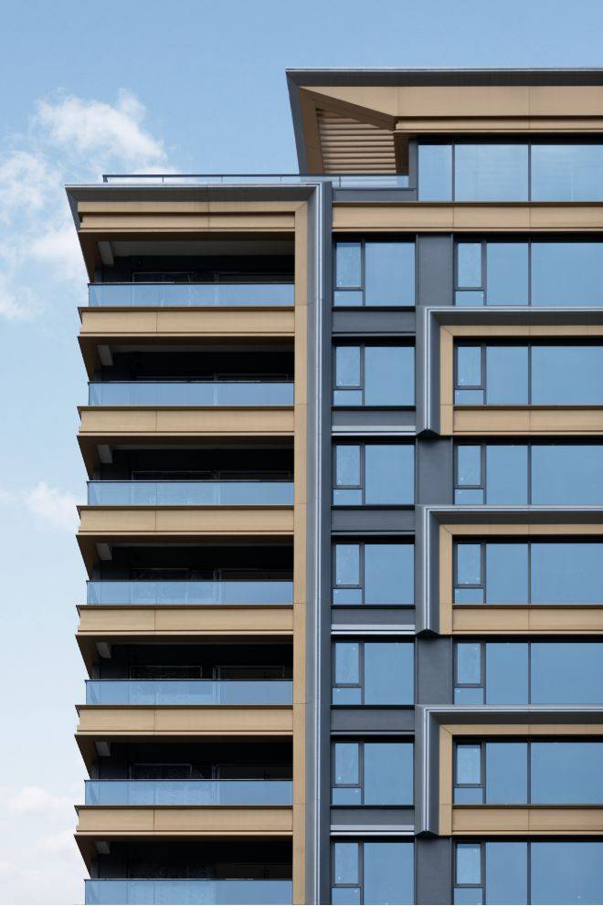 项目外立面由享誉国际的日清设计团队精心打造,大面积的玻璃幕墙与铝板、石材巧妙融合,斜切的线条与香槟色的金属点缀其间,构成了江河汇版图上极为靓丽的天际线。大面积幕墙、铝板、石材经“HARRY WINSTON”钻石打磨般切割工艺,营建如水奔涌的轻盈线条、大小各异的丰富立面形态,立标极简内敛的当代风尚。
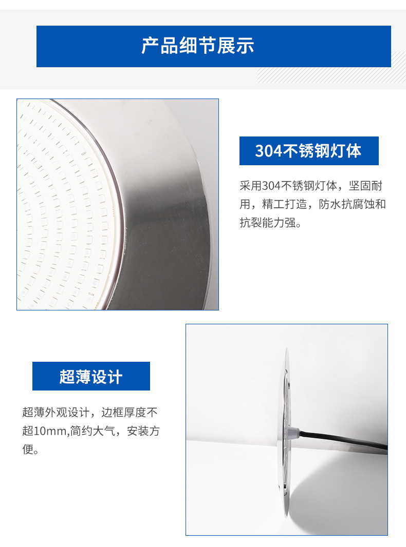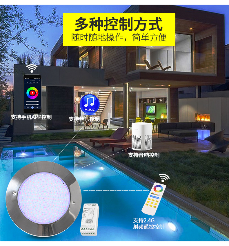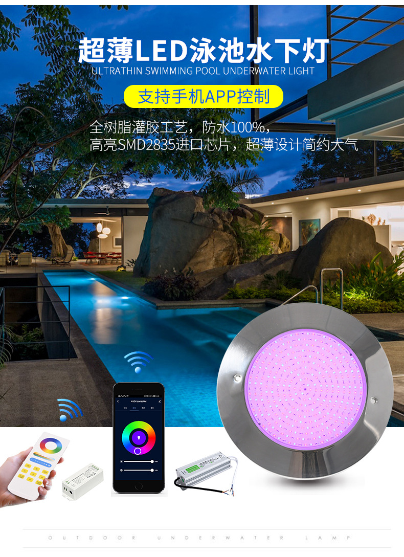 Трансграничный светильник для бассейна из нержавеющей стали IP68 водонепроницаемый ультратонкий настенный подводный свет умное приложение с полным наполнением клеем подводный свет
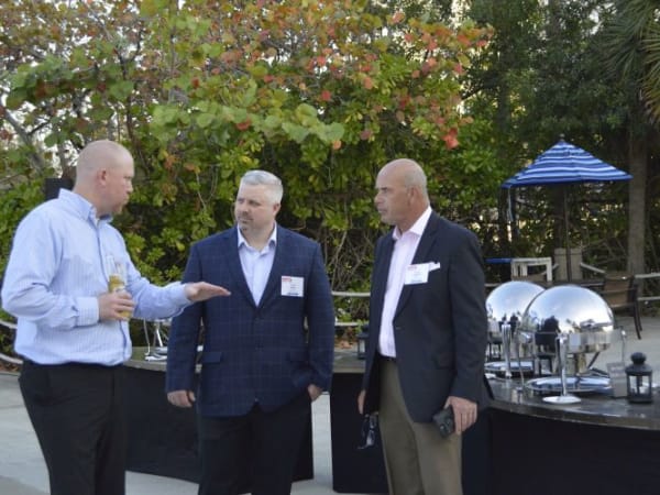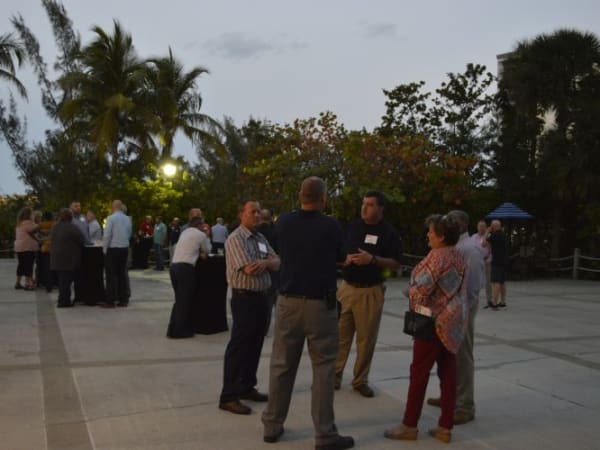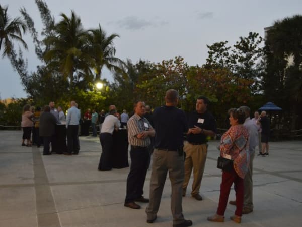 Operators and suppliers continue socializing on the patio by the pool that evening.

- - - - - - -

§ **Work order**:
Any picture in the data is to be skipped, while each line is returned exactly as written.

§ **Expected output**:
 项目外立面由享誉国际的日清设计团队精心打造,大面积的玻璃幕墙与铝板、石材巧妙融合,斜切的线条与香槟色的金属点缀其间,构成了江河汇版图上极为靓丽的天际线。大面积幕墙、铝板、石材经“HARRY WINSTON”钻石打磨般切割工艺,营建如水奔涌的轻盈线条、大小各异的丰富立面形态,立标极简内敛的当代风尚。
 Трансграничный светильник для бассейна из нержавеющей стали IP68 водонепроницаемый ультратонкий настенный подводный свет умное приложение с полным наполнением клеем подводный свет
 Operators and suppliers continue socializing on the patio by the pool that evening.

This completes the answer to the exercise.